Retype all the entries word for word, but omit the pictures.

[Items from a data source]
* * *
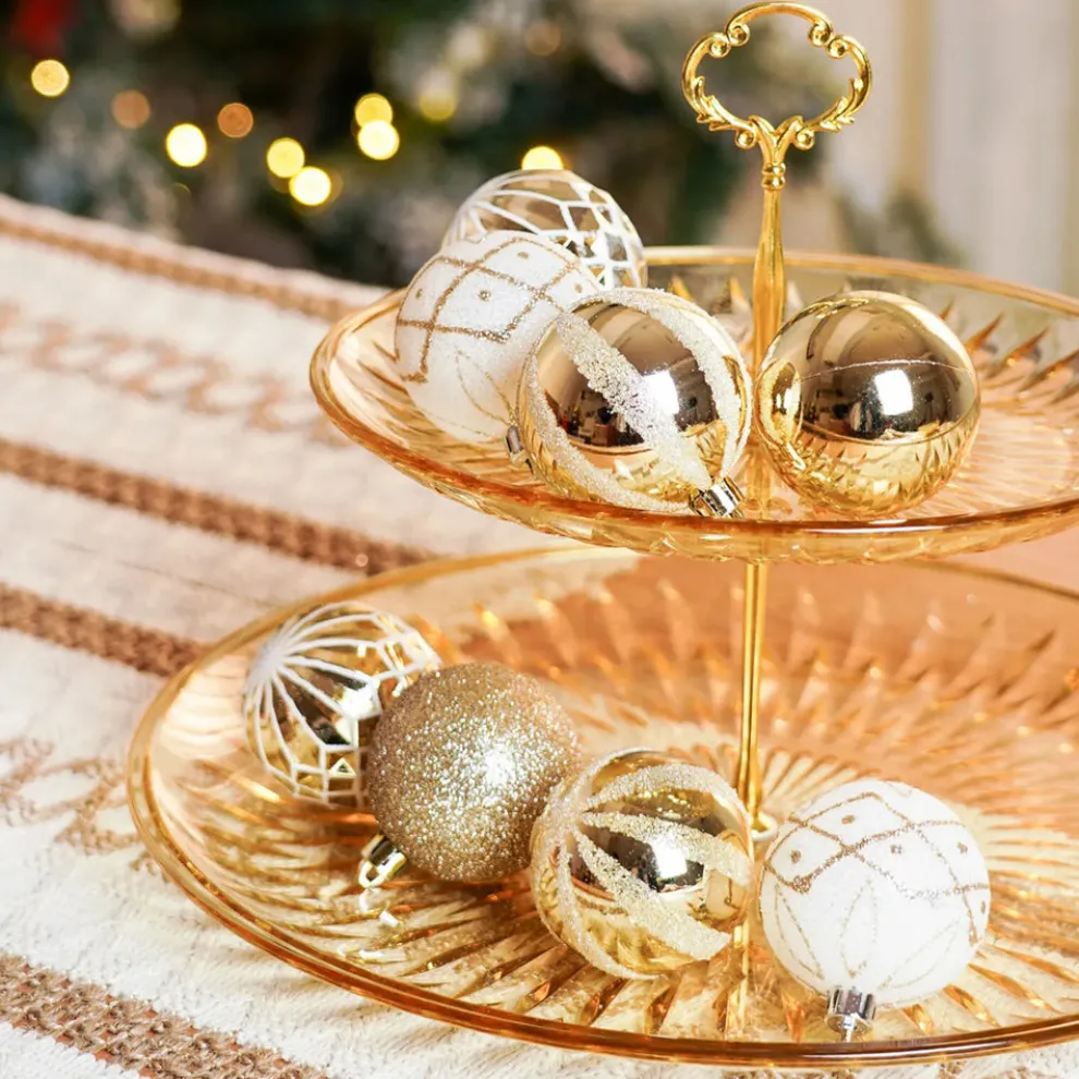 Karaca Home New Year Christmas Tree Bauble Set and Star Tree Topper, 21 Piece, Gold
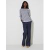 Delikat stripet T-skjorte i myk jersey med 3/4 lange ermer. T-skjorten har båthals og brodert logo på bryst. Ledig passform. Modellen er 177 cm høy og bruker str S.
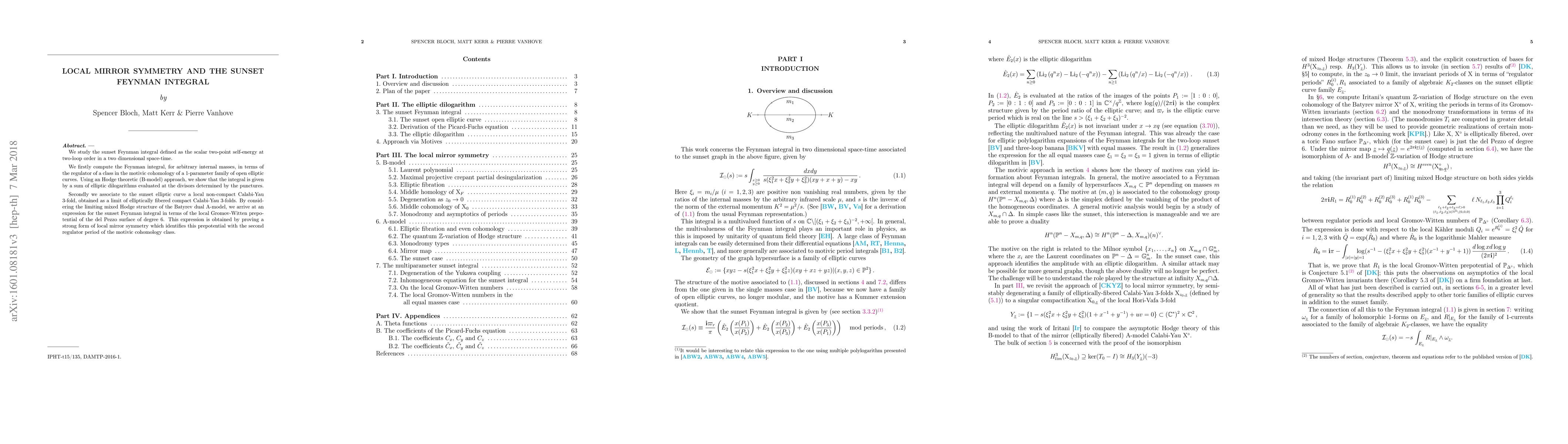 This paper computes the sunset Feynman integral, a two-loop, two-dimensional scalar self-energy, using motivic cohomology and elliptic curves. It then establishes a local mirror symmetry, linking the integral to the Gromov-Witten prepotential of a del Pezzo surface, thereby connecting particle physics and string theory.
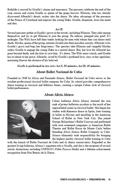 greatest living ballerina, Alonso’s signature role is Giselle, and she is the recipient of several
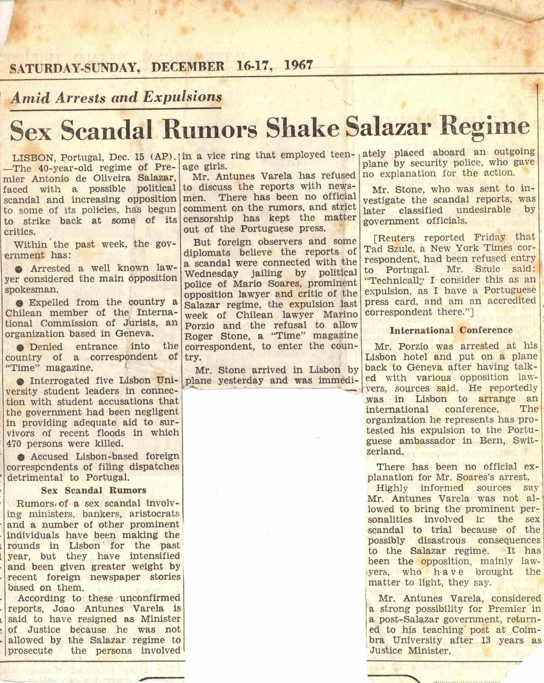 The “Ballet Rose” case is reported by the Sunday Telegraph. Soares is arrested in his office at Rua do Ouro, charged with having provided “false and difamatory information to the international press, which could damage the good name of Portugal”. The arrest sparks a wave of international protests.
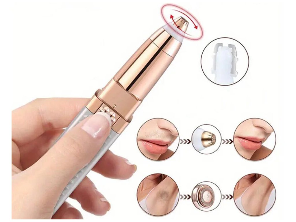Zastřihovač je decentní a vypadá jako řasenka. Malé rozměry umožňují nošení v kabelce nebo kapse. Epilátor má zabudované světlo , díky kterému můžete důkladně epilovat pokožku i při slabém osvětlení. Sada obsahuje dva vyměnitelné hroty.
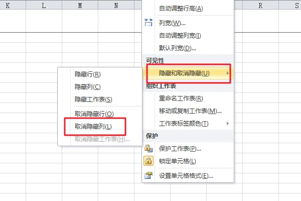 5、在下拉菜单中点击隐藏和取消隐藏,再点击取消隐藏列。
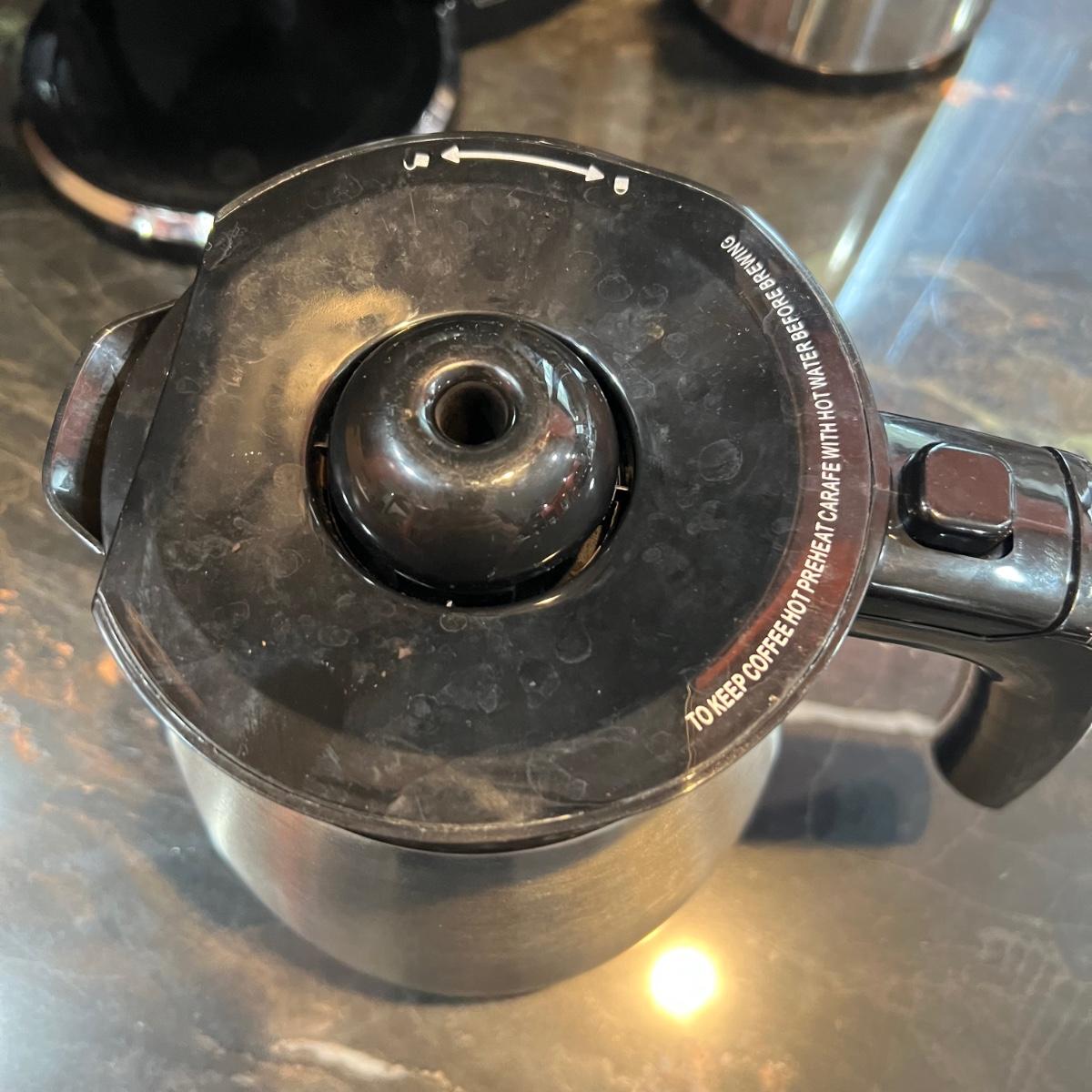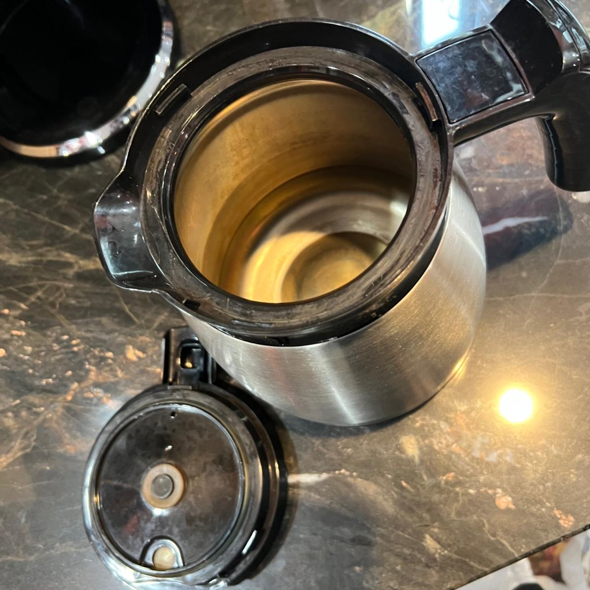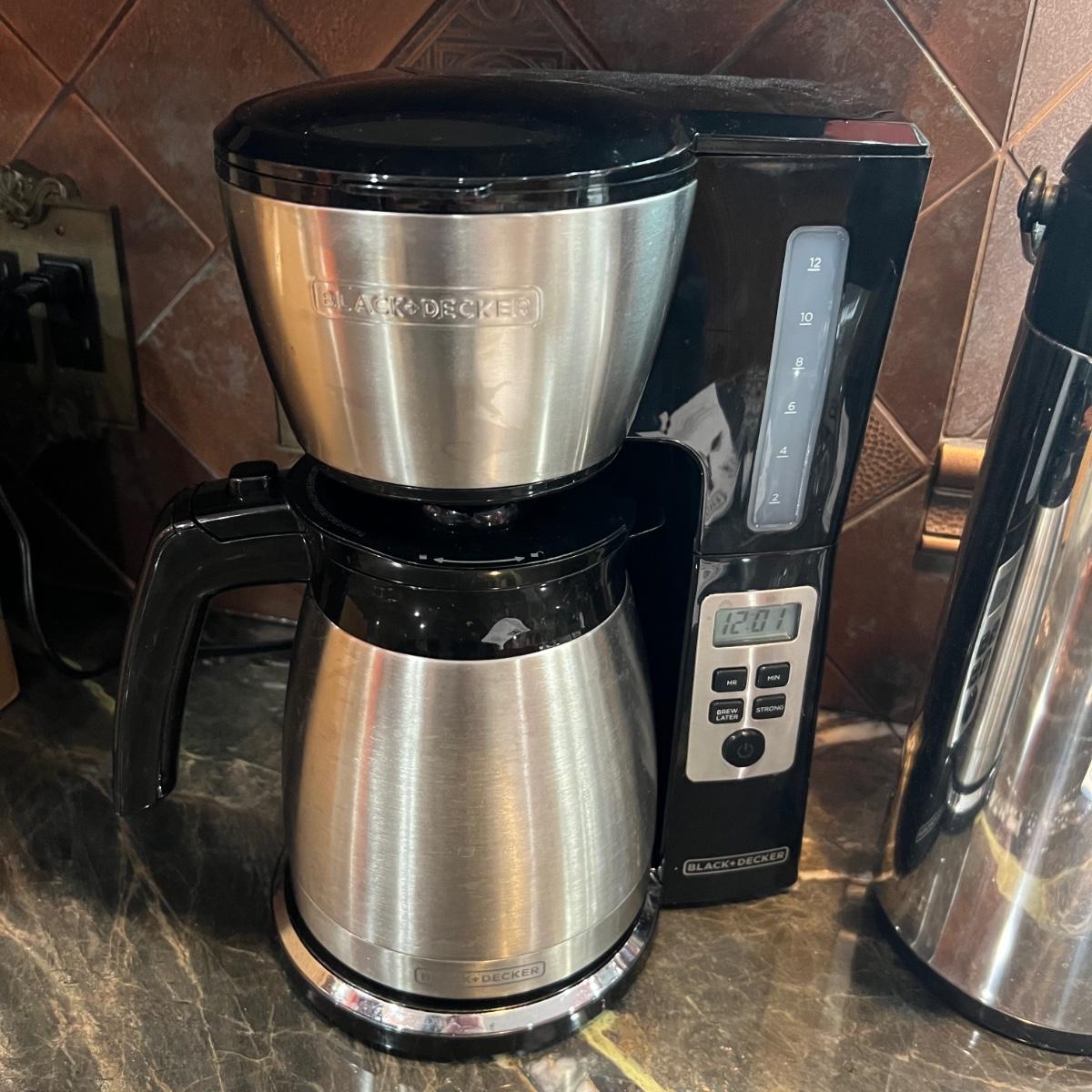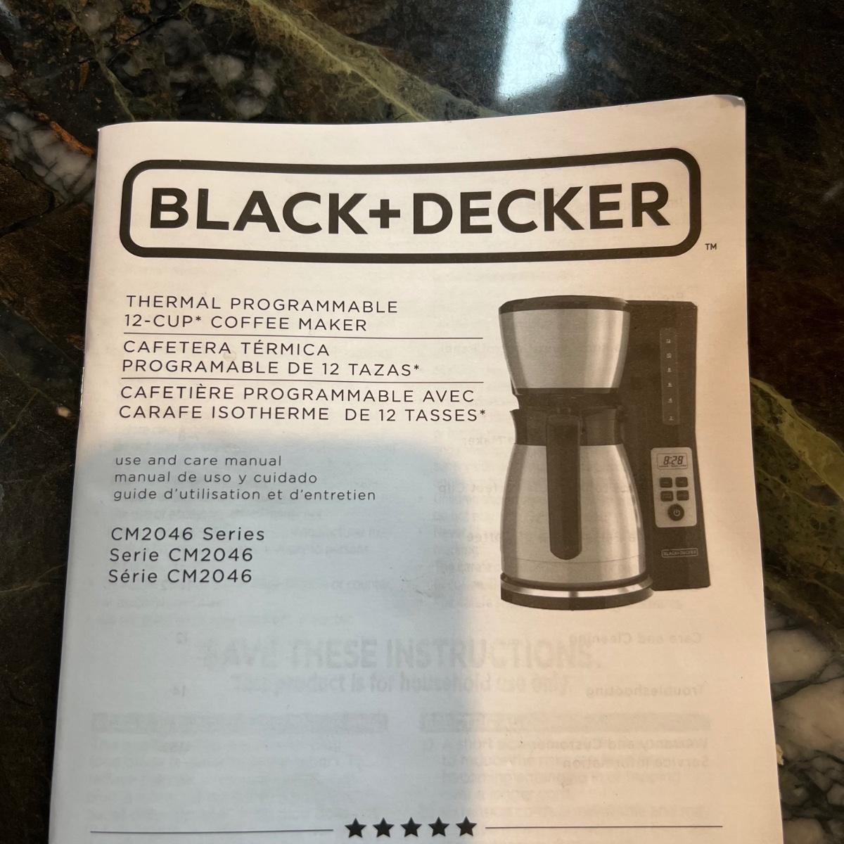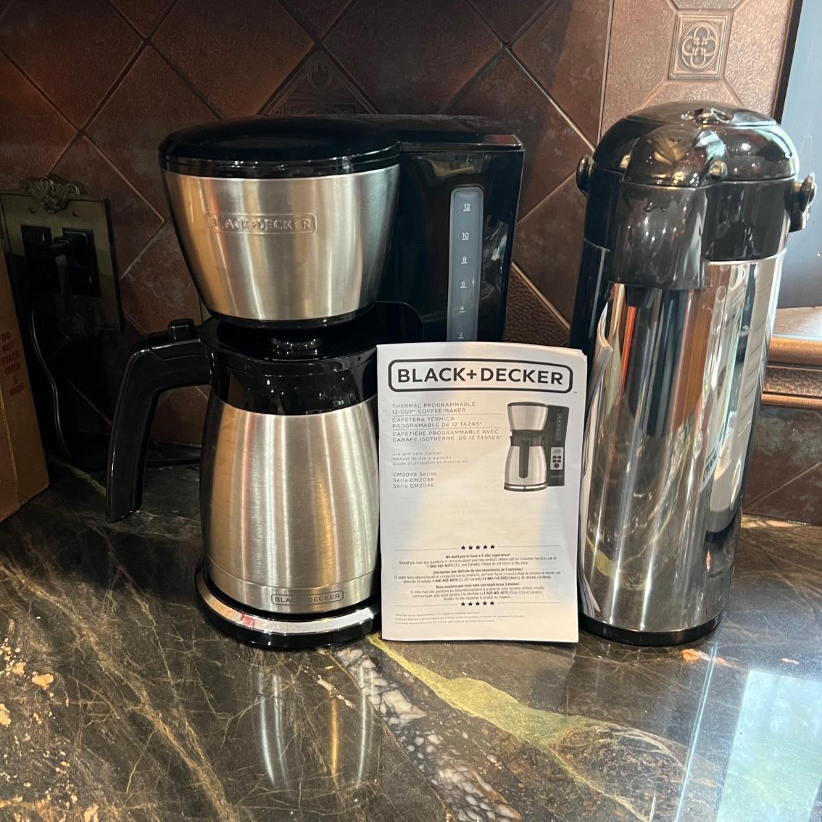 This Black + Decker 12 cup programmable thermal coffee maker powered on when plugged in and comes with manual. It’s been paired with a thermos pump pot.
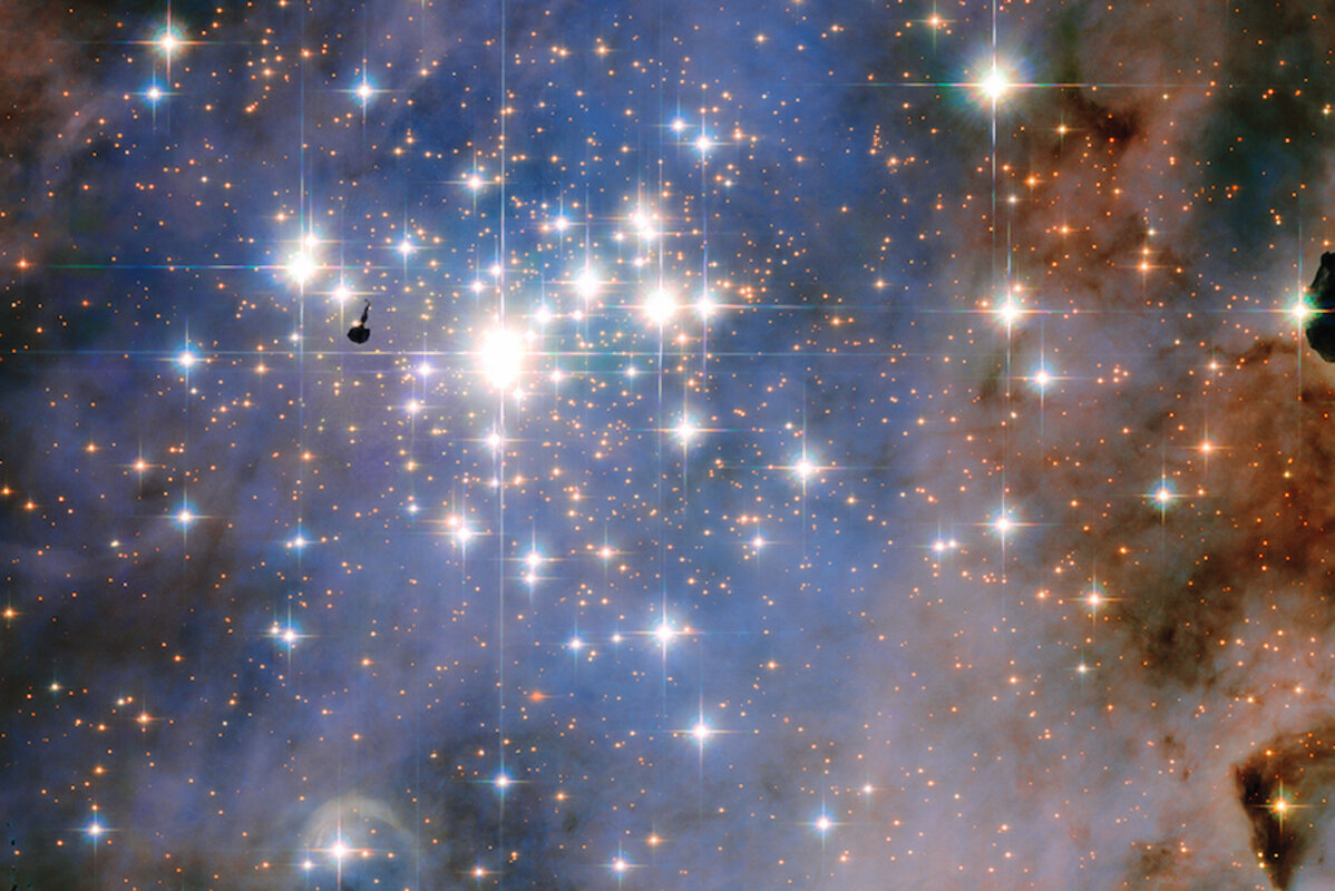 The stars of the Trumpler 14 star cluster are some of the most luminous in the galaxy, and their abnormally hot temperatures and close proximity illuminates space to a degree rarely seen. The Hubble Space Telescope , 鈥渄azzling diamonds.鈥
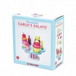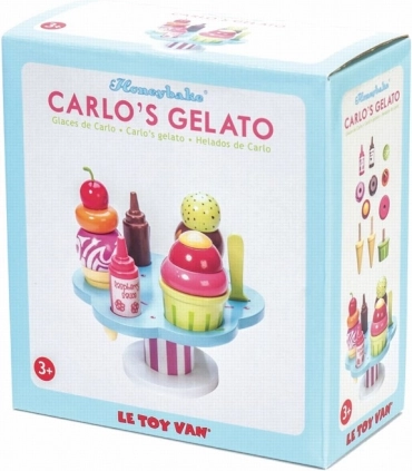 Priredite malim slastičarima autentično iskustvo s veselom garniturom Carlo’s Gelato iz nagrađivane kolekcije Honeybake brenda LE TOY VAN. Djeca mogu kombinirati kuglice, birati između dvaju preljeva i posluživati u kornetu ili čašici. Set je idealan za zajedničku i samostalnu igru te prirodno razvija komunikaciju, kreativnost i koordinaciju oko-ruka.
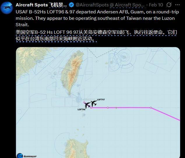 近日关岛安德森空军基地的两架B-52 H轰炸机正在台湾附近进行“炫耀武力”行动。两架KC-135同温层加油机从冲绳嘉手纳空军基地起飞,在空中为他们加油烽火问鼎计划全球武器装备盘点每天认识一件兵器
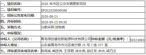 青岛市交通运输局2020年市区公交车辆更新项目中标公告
* * *
**Your response:**
 Karaca Home New Year Christmas Tree Bauble Set and Star Tree Topper, 21 Piece, Gold
 Delikat stripet T-skjorte i myk jersey med 3/4 lange ermer. T-skjorten har båthals og brodert logo på bryst. Ledig passform. Modellen er 177 cm høy og bruker str S.
 This paper computes the sunset Feynman integral, a two-loop, two-dimensional scalar self-energy, using motivic cohomology and elliptic curves. It then establishes a local mirror symmetry, linking the integral to the Gromov-Witten prepotential of a del Pezzo surface, thereby connecting particle physics and string theory.
 greatest living ballerina, Alonso’s signature role is Giselle, and she is the recipient of several
 The “Ballet Rose” case is reported by the Sunday Telegraph. Soares is arrested in his office at Rua do Ouro, charged with having provided “false and difamatory information to the international press, which could damage the good name of Portugal”. The arrest sparks a wave of international protests.
Zastřihovač je decentní a vypadá jako řasenka. Malé rozměry umožňují nošení v kabelce nebo kapse. Epilátor má zabudované světlo , díky kterému můžete důkladně epilovat pokožku i při slabém osvětlení. Sada obsahuje dva vyměnitelné hroty.
 5、在下拉菜单中点击隐藏和取消隐藏,再点击取消隐藏列。
 This Black + Decker 12 cup programmable thermal coffee maker powered on when plugged in and comes with manual. It’s been paired with a thermos pump pot.
 The stars of the Trumpler 14 star cluster are some of the most luminous in the galaxy, and their abnormally hot temperatures and close proximity illuminates space to a degree rarely seen. The Hubble Space Telescope , 鈥渄azzling diamonds.鈥
 Priredite malim slastičarima autentično iskustvo s veselom garniturom Carlo’s Gelato iz nagrađivane kolekcije Honeybake brenda LE TOY VAN. Djeca mogu kombinirati kuglice, birati između dvaju preljeva i posluživati u kornetu ili čašici. Set je idealan za zajedničku i samostalnu igru te prirodno razvija komunikaciju, kreativnost i koordinaciju oko-ruka.
 近日关岛安德森空军基地的两架B-52 H轰炸机正在台湾附近进行“炫耀武力”行动。两架KC-135同温层加油机从冲绳嘉手纳空军基地起飞,在空中为他们加油烽火问鼎计划全球武器装备盘点每天认识一件兵器
 青岛市交通运输局2020年市区公交车辆更新项目中标公告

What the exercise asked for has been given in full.